» **Your goal**
For every line in the material, output its text exactly and exclude any image it holds.

» **Data shown**
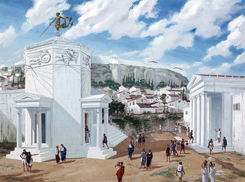 La torre de los vientos. Fotografia: ciudades30.com. La denominada «Torre de los Vientos» se encuentra en el Agora Romana de Atenas, al pie de la Acrópolis. Se considera la primera estación meteorológica del mundo abierta conocida.
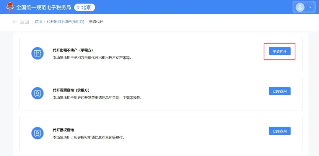 点击【申请代开】。操作与以上出租方申请代开的步骤相同。
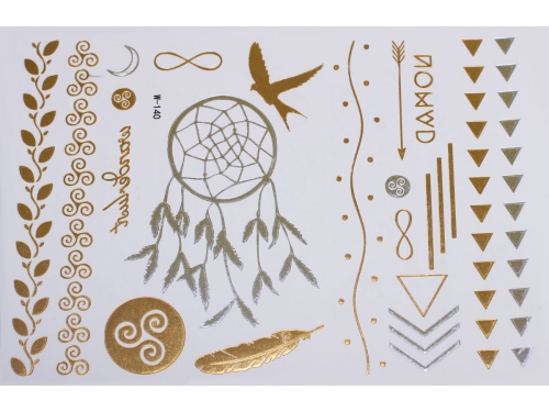 Złote a srebrne tymczasowe wodoodporne tatuażowe naklejki inspirowane biżuteria (bransoletkami, naszyjnikami, pierścionkami, indyjskie, afrykańskie, egipskie, motywy geometryczne i inne), tatuaż wytrzyma 3-5 dni, dla aplikacji i usunięcia przygotowaliśmy dla Was poradnik:
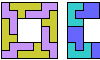 ![]() | Hexomino Pair Rectangles with Domino Holes. Arrange copies of two hexominoes to form a rectangle that may have isolated two-cell holes. |
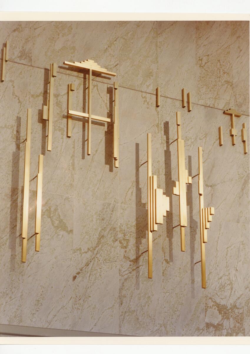 En bild av en relief, av mässing och mahogny, Torget. SE banken, Malmö.;
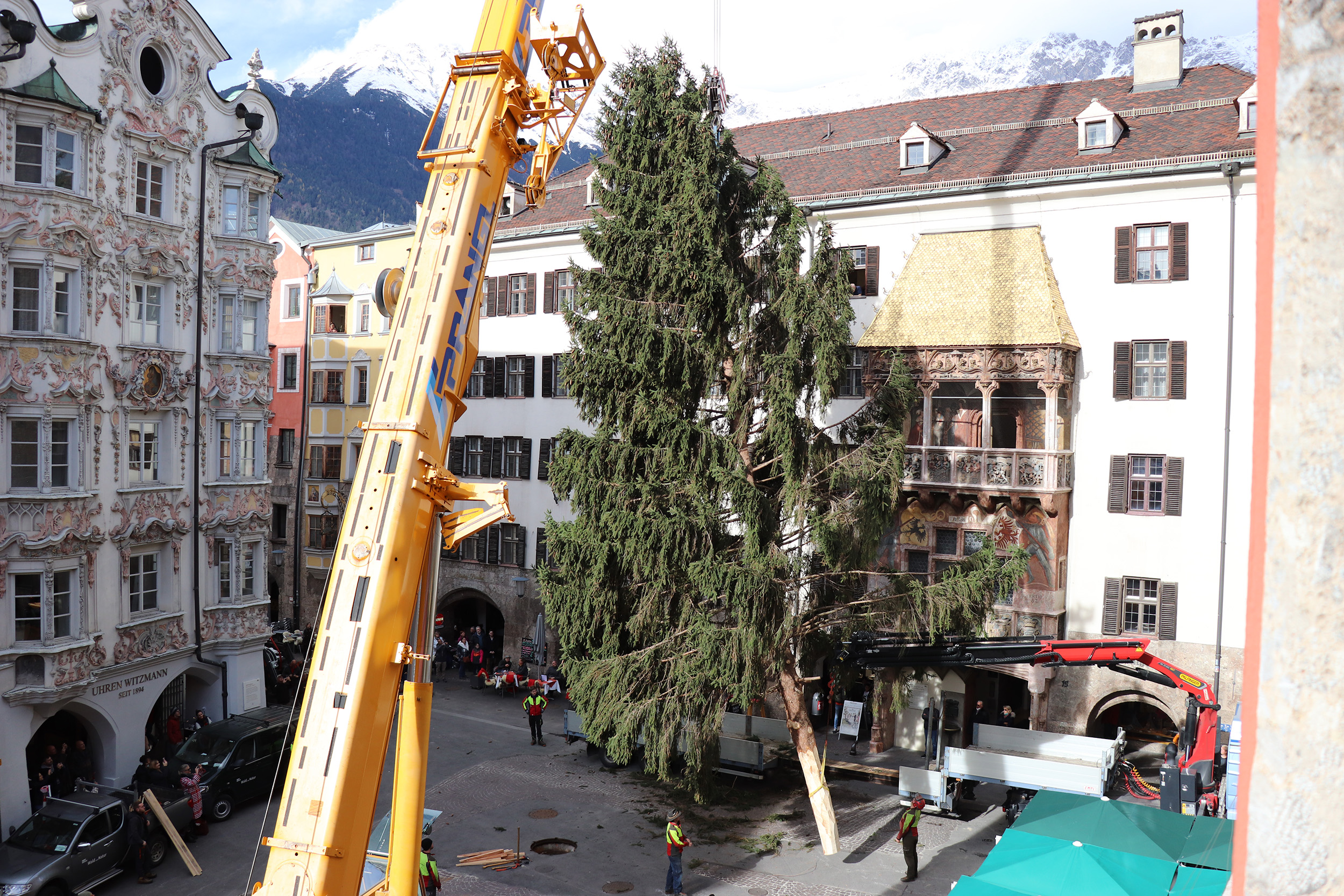 Bereits seit 1934 steht er symbolisch für die Vorfreude auf das Weihnachtsfest in der Innsbrucker Altstadt: der städtische Christbaum vor dem Goldenen Dachl. Auch heuer thront er wieder im Zentrum des Christkindlmarkts. Gefunden wurde der Weihnachtsbote – eine imposante Fichte – in einem Schrebergarten im Süden Pradls vom Amt für Wald und Natur. Für die sichere Aufstellung sorgten zehn Mitarbeiter und ein Kran.
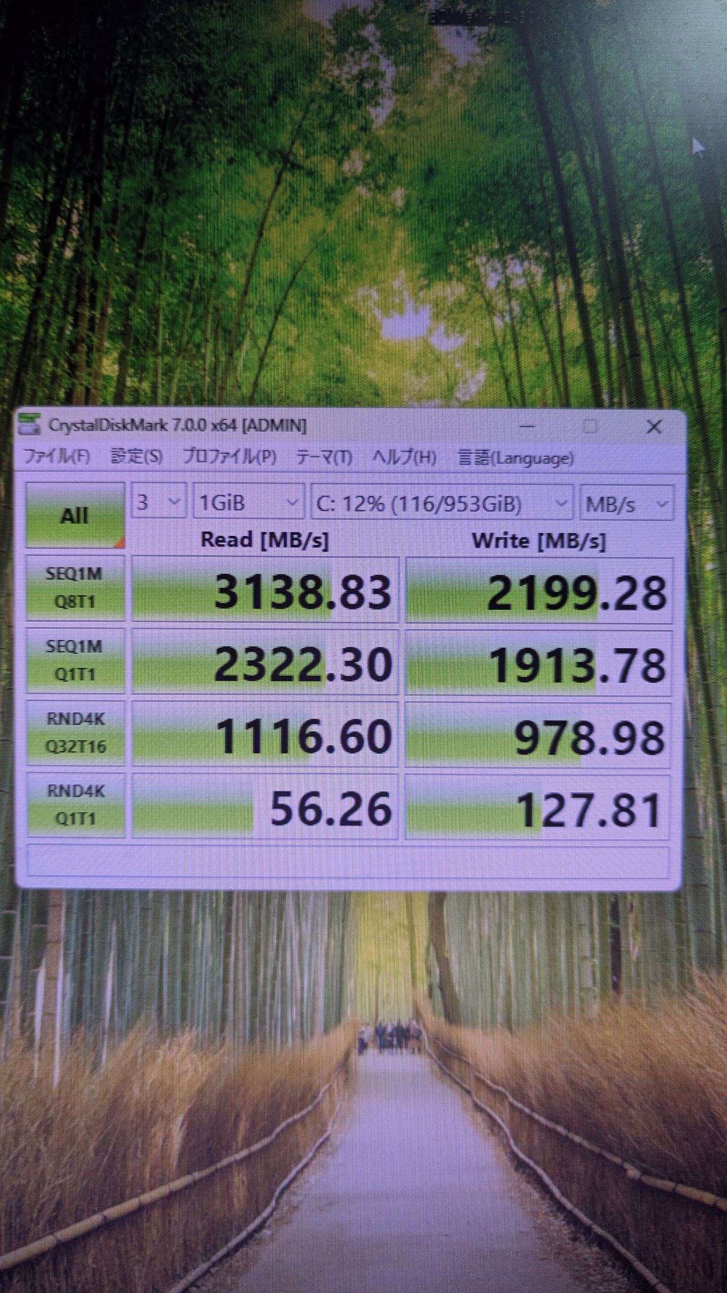 ストレージ読み込み速度 SSD 3138 HDDは省略

» **Result of this task**
 La torre de los vientos. Fotografia: ciudades30.com. La denominada «Torre de los Vientos» se encuentra en el Agora Romana de Atenas, al pie de la Acrópolis. Se considera la primera estación meteorológica del mundo abierta conocida.
 点击【申请代开】。操作与以上出租方申请代开的步骤相同。
 Złote a srebrne tymczasowe wodoodporne tatuażowe naklejki inspirowane biżuteria (bransoletkami, naszyjnikami, pierścionkami, indyjskie, afrykańskie, egipskie, motywy geometryczne i inne), tatuaż wytrzyma 3-5 dni, dla aplikacji i usunięcia przygotowaliśmy dla Was poradnik:
 ![]() | Hexomino Pair Rectangles with Domino Holes. Arrange copies of two hexominoes to form a rectangle that may have isolated two-cell holes. |
 En bild av en relief, av mässing och mahogny, Torget. SE banken, Malmö.;
 Bereits seit 1934 steht er symbolisch für die Vorfreude auf das Weihnachtsfest in der Innsbrucker Altstadt: der städtische Christbaum vor dem Goldenen Dachl. Auch heuer thront er wieder im Zentrum des Christkindlmarkts. Gefunden wurde der Weihnachtsbote – eine imposante Fichte – in einem Schrebergarten im Süden Pradls vom Amt für Wald und Natur. Für die sichere Aufstellung sorgten zehn Mitarbeiter und ein Kran.
 ストレージ読み込み速度 SSD 3138 HDDは省略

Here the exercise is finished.